On some bows it could chage SLIGHTLY. On singles with draw stops it only changes how far the cam rotates. Ones with string post adjustments your ATA would have to change slightly. Measure it and see for yourself.


----------



## deskjockey (Jun 9, 2005)

My bow is currently set at 30" draw. The a to a measures at 36 5/8". I think I will visit the proshop tomorrow to see if they can put the string on the 31" draw post and then remeasure. I'm beginning to doubt that it will get me that extra inch in axle to axle measurement. Gun season is only two weeks away. I think I will send my bow in to Parker to have them get it back into spec.


----------



## Jabwa (Dec 10, 2004)

You are correct. Any rotation of the cam, WHEN THE BOW IS IN A RELAXED POSITION, will change the ATA slightly because it will either shorten or lengthen the cable, which is what controls the ATA (i.e. shorter cable = shorter ATA; longer cable = longer ATA). However, on some bows, for example the Cam.5's, the degree of rotation of the cams is changed AT FULL DRAW, and therefore the ATA of the bow in a relaxed state is unchanged.
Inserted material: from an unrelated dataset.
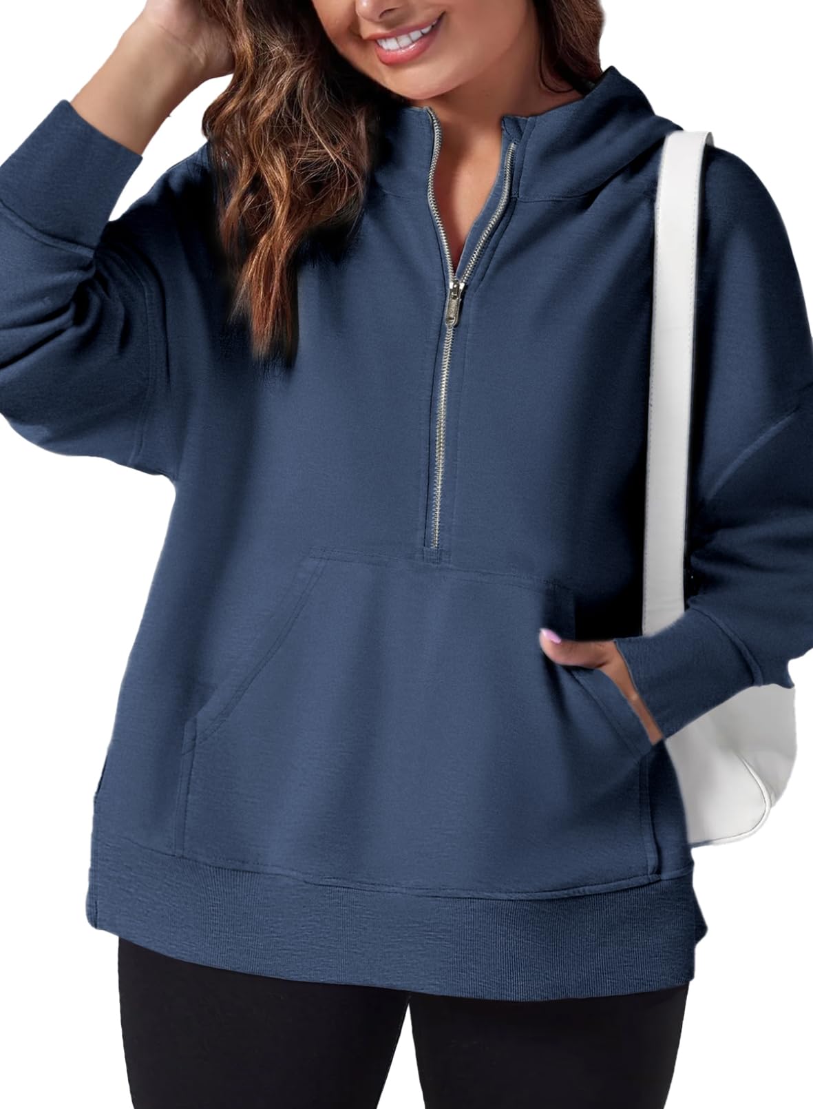 Eytino Plus Size Half Zip Sweatshirt for Women with Pockets|Casual Oversized Long Sleeve Hoodies|Women's Sweatshirt Tops

Please correct me if this is incorrect.


----------



## XP35 (Oct 11, 2005)

Jabwa said:


> You are correct. Any rotation of the cam, WHEN THE BOW IS IN A RELAXED POSITION, will change the ATA slightly because it will either shorten or lengthen the cable, which is what controls the ATA (i.e. shorter cable = shorter ATA; longer cable = longer ATA). However, on some bows, for example the Cam.5's, the degree of rotation of the cams is changed AT FULL DRAW, and therefore the ATA of the bow in a relaxed state is unchanged. Please correct me if this is incorrect.


You are right. Buss cable, and string to some extent, controls ATA measurement. He needs a tune job. Javi has a thread here that explains it very well. It came in handy for me!


----------